Harmony Articles
Articles may be reprinted in their entirety but must include:
"Used with permission
from
Regenesis.net"


Contentment
Contentment is a lonely hitchhiker in the rearview mirror. Few bother to notice they’ve sped by the very thing they were looking for.

New books on contentment decorate bookstore windows and keep right on selling. Strange that we need a book to experience what should come naturally. Consider, however, that many have been programmed to compete, achieve, fight and worry up the "ladder of success" (which few can even define). To them, contentment is the unknown "x" in the Equation of Life.

The real fear of those afraid to open the door of contentment is that loss of prestige and laziness will barge in. There is a belief that contentment should be reserved for retirement...after the battle is over.
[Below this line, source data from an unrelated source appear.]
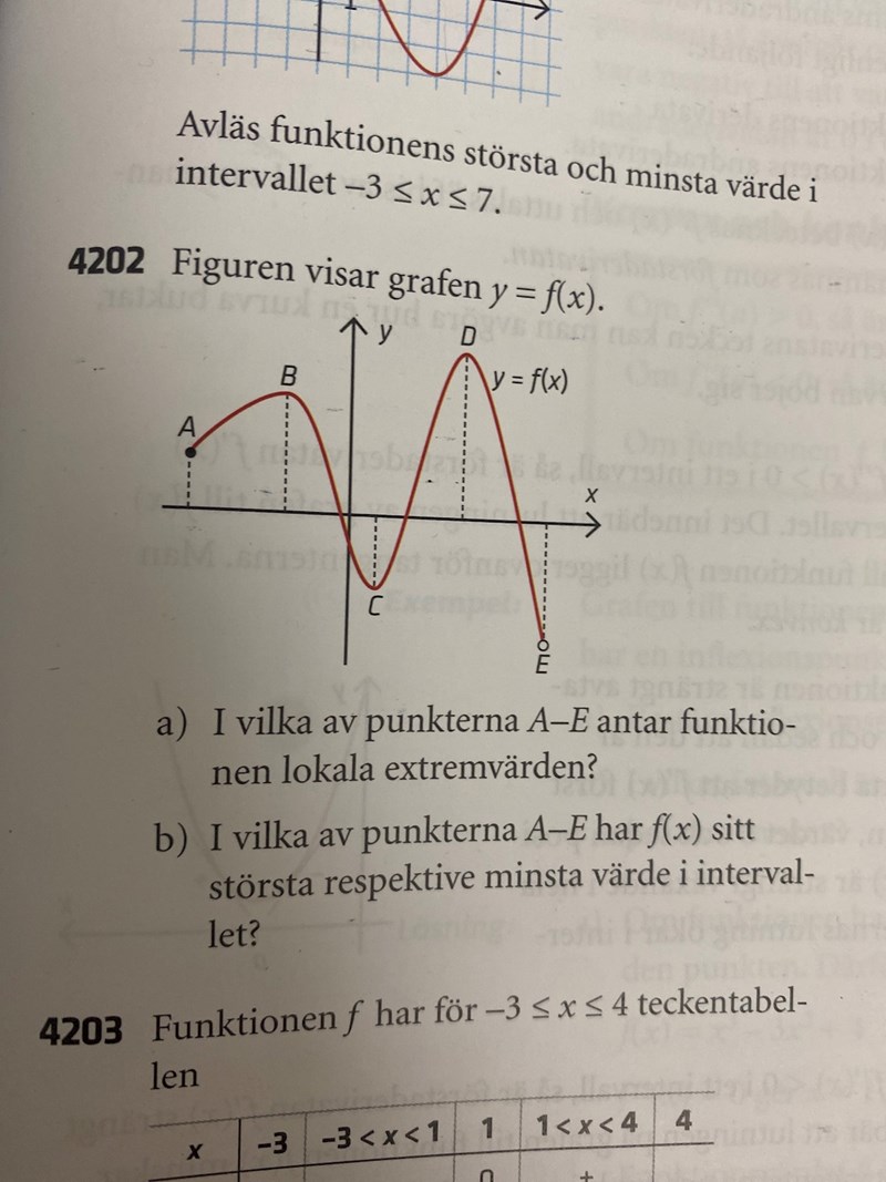 Hmm.. Punkten E ingår ju inte i definitionsmängden. Så av de angivna punkterna har C minsta värde.
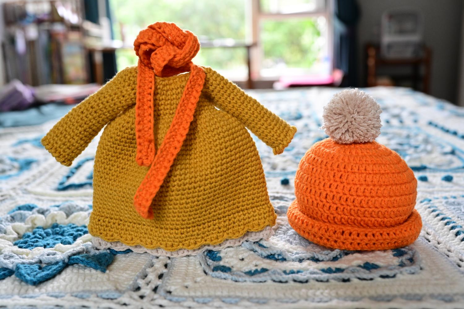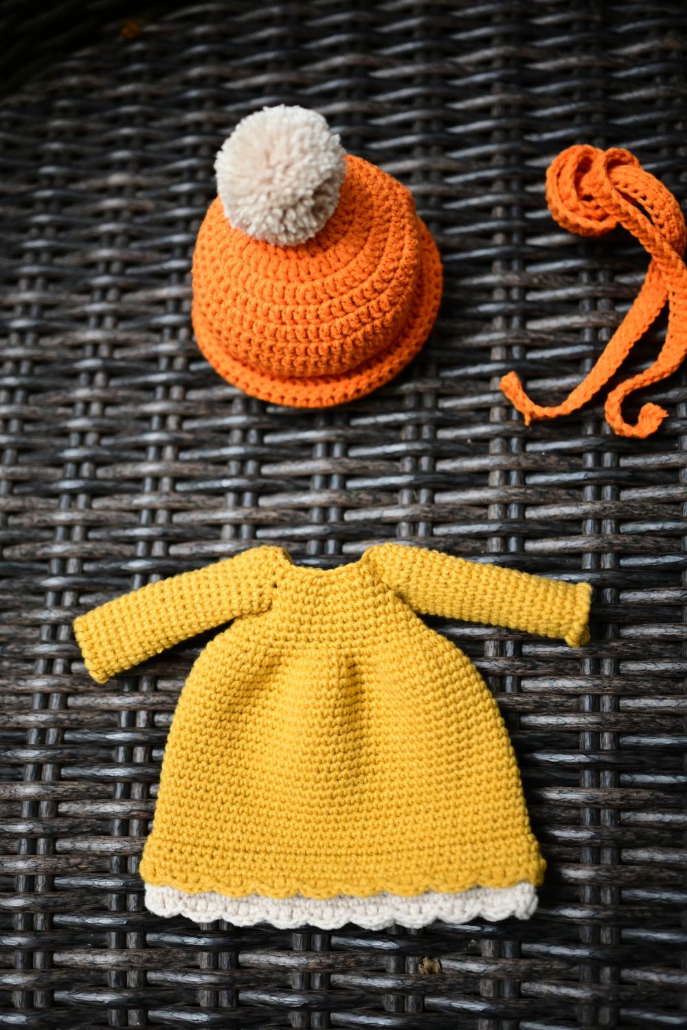 第二只,来自Susan7ss家的图解。还是女生,这次穿的是黄色裙子,帽子是橙黄色的,配同色围巾,整体装扮很秋天。
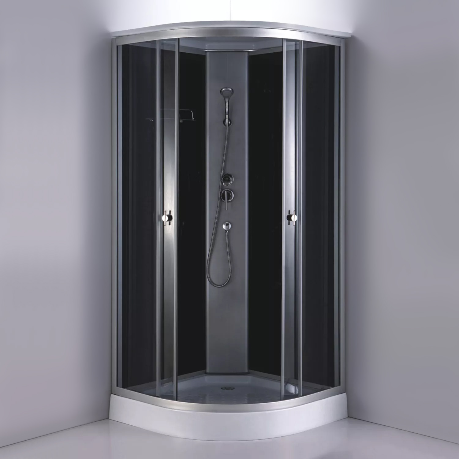 Душевая кабина Comforty СF5881E-A 800*800*2100 серое стекло, задняя черная стеклянная панель, низкий поддон
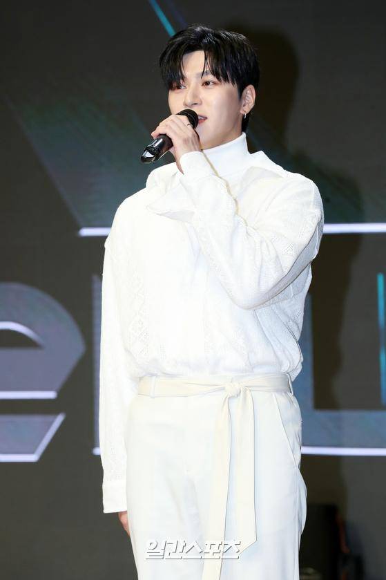 그룹 위앤유(WeNU) 지성환이 30일 오후 서울 강남구 일지아트홀에서 진행된 위앤유 첫 데뷔 앨범 '하루하루' 발매 기념 쇼케이스에 참석해 인사말을 하고 있다.
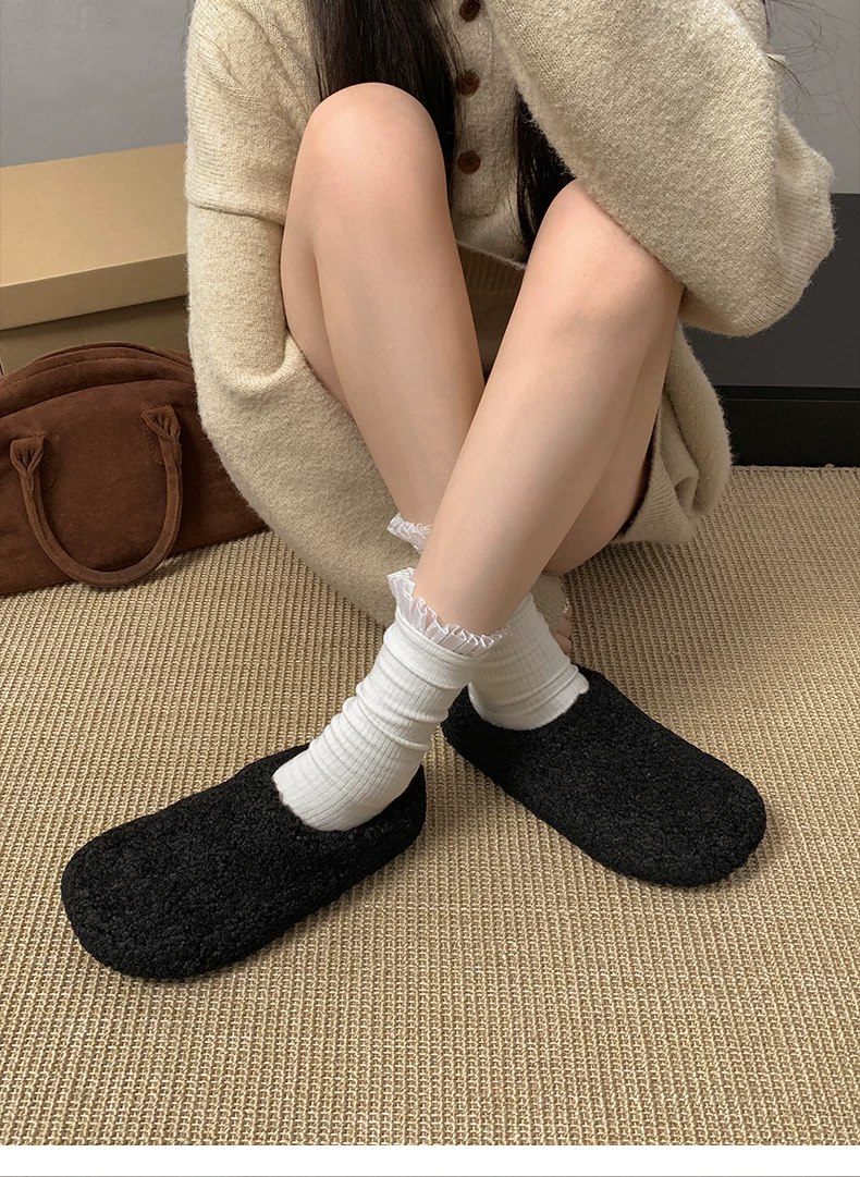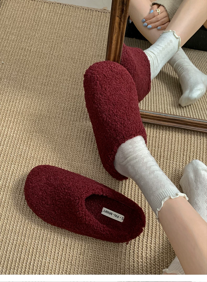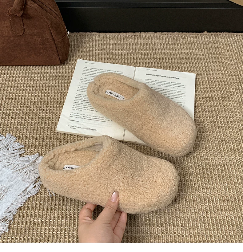- Đôi dép lông dày đế chống trơn kiểu retro dành cho nữ, mặc ngoài mùa đông 2025, đa năng, tăng chiều cao, giữ ấm, chất liệu cotton, bảo vệ ngón chân.
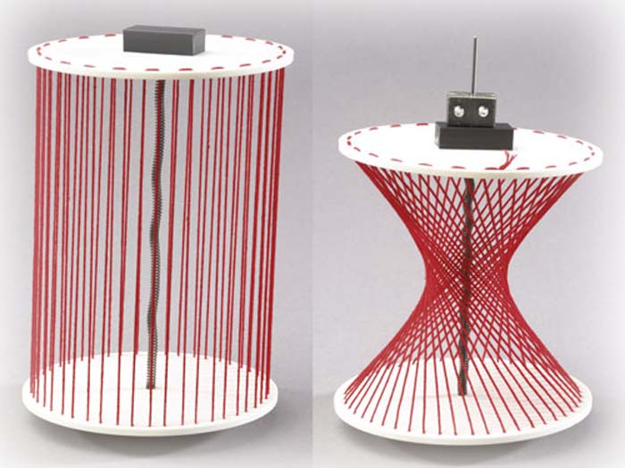Fadendrehmodell: Zylinder und Doppelkegel.Beim Verdrehen der oberen Scheibe gegen die untere bilden die Fäden die Oberfläche eines einschaligen Hyperboloids.
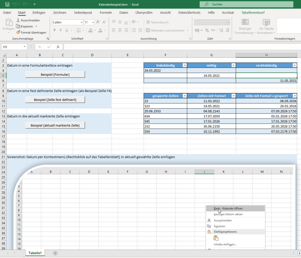 Neben der initialen Formularverwendung und der Umsetzung per Button direkt auf eine Zelle eines Tabellenblatts, beinhaltet das Beispiel auch die Anwendung des Kalenders über das per Rechtsklick aufrufbare Kontextmenü von Excel. Dieses Feature ist seit Version 1.0.1.2 Bestandteil des Kalendermoduls und macht es möglich entweder das heutige Datum, oder eine Datum durch Auswahl innerhalb des Kalenders, in die aktuell selektierte Zelle eintragen zu können.
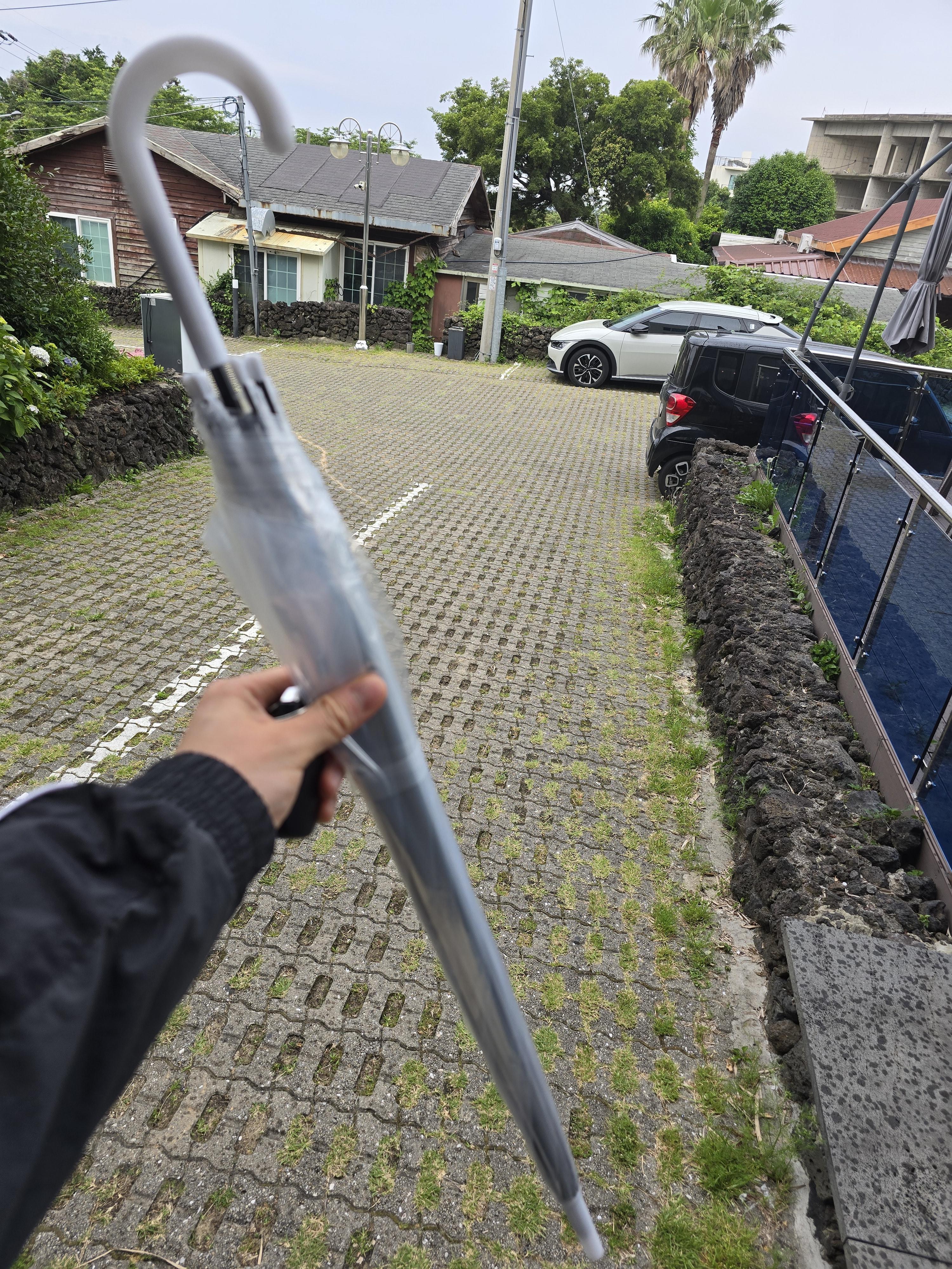 친절하신 직원이 하얀색 우산을 빌려주셨습니다
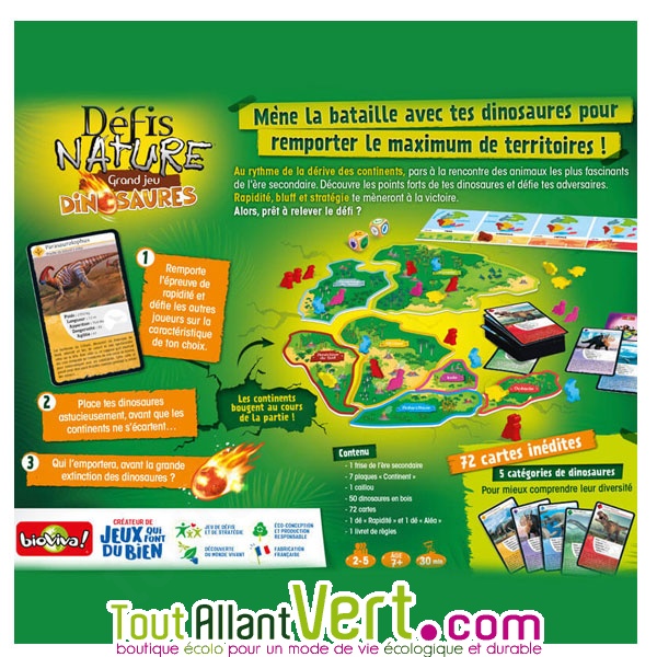 Défis Nature Grand jeu Dinosaures, partez à la découverte des dinosaures au rythme de la dérive des continents et de la chute d’une météorite géante. Menez la bataille avec vos dinosaures pour remporter le maximum de continents ! 77 cartes inédites dans ce jeu ! A partir de 7 ans. De 2 à 5 joueurs. 30 minutes de jeu. Jeu fabriqué en France.

Selfish ambition forces contentment to the back burner.

Shakespeare wrote, "Striving to be better, oft we mar what’s well". While we are free to do as we please, many follow the crowd like puppets manipulated by a dictatorial puppeteer. Biblical wisdom says "...let your character be free...being content with what you have" (Hebrews 13:5)

Contentment isn’t easy. You’ll have to fight the urge to conform. It’s a learning process, often quite painful. Frankly, it isn’t very enjoyable marching out of step. But if you do it long enough, two things will happen: (1) Your strings will be cut, and (2) you’ll be free indeed! You’ll discover that lonely hitchhiker in the passenger seat right beside you...smiling every mile of the way. Excerpts from The Quest for Character by Charles Swindoll     BACK


Making a Positive Impact
Ms. Thompson stood before her 5th grade class on the opening day of school and lied that she would treat them all alike. But there slumped in front of her was Teddy Stoddard. She had observed him the year before and noticed he didn't get along with others, dressed shabbily and needed a bath. Teddy was all around unpleasant. She would soon delight in marking his papers with a broad red "F".

One day, she came across Teddy’s school records and noted with surprise the following entries:
First Grade: "Teddy is a bright, inquisitive child with a ready laugh. He does his work neatly and has good manners. He is a joy to be around."
Second Grade: "Teddy is an excellent student, well-liked by all his classmates, but he is troubled because of his mother’s illness and home life."
Third Grade: "Teddy works hard but his mother's death has affected him. His father doesn't show much interest."
Fourth Grade: "Teddy is withdrawn and doesn't show much interest in school. He doesn't have many friends and often falls asleep in class. He is frequently late."

Ms. Thompson’s eyes had been opened! Christmas came and the children brought her presents all adorned in beautiful ribbon and bright paper. All, that is, except Teddy's, which was clumsily wrapped in brown grocery bag paper. As she unwrapped it, she found a rhinestone bracelet with stones missing and a used bottle of perfume. She commented how pretty the bracelet was as she put it on and dabbed perfume on her wrists. Teddy Stoddard stayed behind after class and said, "Ms. Thompson, today you smelled just like my mom used to." After he left, she cried for at least an hour.

That very day, she quit teaching reading, writing, and arithmetic and began teaching children.

She paid particular attention to Teddy. The more she encouraged him, the more he responded. By year’s end, he had become one of the highest achievers in the class.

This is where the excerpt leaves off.